Comparison between MCF7S (dark curve) and MCF7/VP resistant to verapamil (gray curve) cells: (A) mean micro- Raman spectra; (B) mean FTIR spectra.

Figure 6.

Differentiation between sensitive (▴ MCF7S) and resistant to verapamil (□ MCF7/VP) MCF7 cells. PCA performed on (A) randomly picked micro-Raman point spectra; (B) mean FTIR spectra.

CONCLUSION

Our objective in this study was to explore the potentials of two complementary methods, micro-Raman and FTIR spectroscopy, for the discrimination of cell types and phenotypes.
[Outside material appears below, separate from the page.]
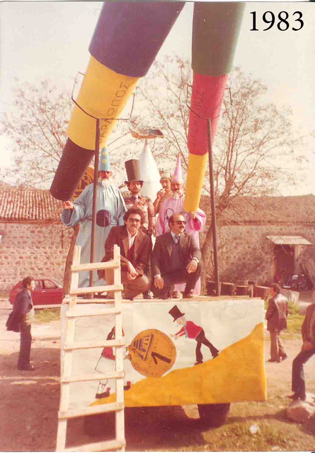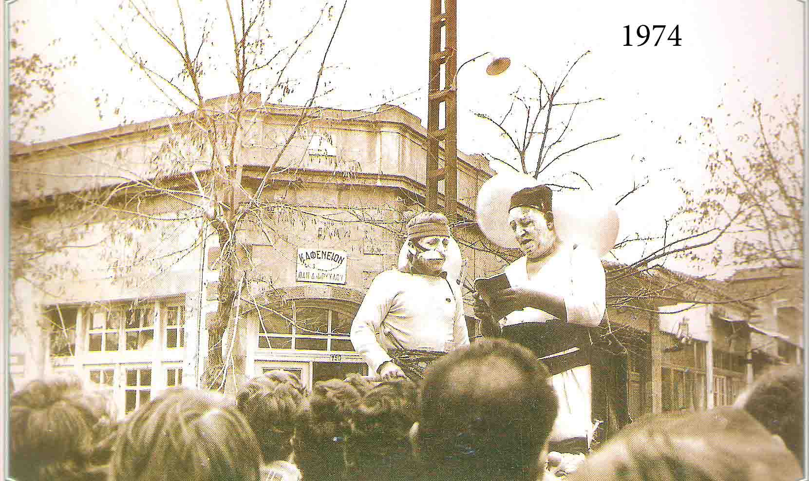- Πραγματοποιείται το καρναβάλι με 3 άρματα που φέρουν τους τίτλους «Αερομεταφερόμενο Ειδησιογραφικό Πρακτορείο», «Τιμάριθμος» και «Ταλαίπωρος Αγρότης». Από εκείνη τη χρονιά ξεκίνησε η ηχογράφηση των καρναβαλικών σκετς σε κασέτες ήχου
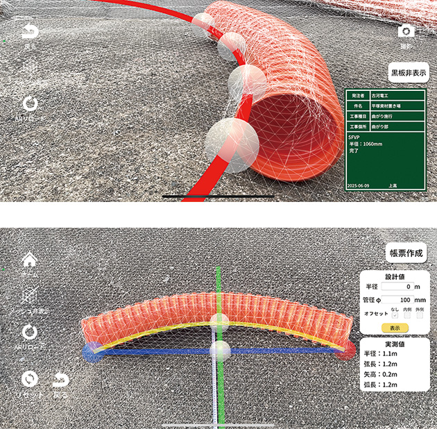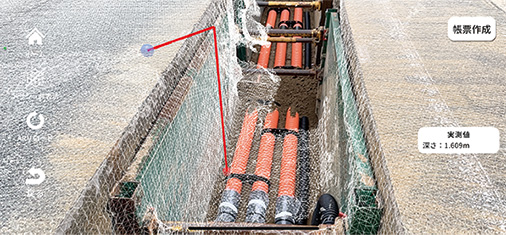 - iPhone/iPad搭載のLiDAR機能・AR技術を活用し、曲がり配管の曲率半径や掘削溝の深さを測定

We demonstrate here that both Raman and FTIR methods are amenable to discriminate cell type and a resistance phenotype such as MDR. However, the FTIR approach seems to provide better discrimination than Raman due to a higher reproducibility in the data. Nevertheless, keeping in view the perspectives of the single-cell approach and measurements in a straightforward manner with minimum sample preparation, the discrimination achieved using the micro-Raman method appears quite promising with an improvement of both technique sensitivity and data analysis. Because both point spectra as well as mean spectra provided more or less the same and reproducible discrimination, the micro-Raman spectroscopy method for screening of cell smears or pellets for cell typing and resistance phenotyping (MDR or other resistance phenotypes) seems to be a feasible perspective.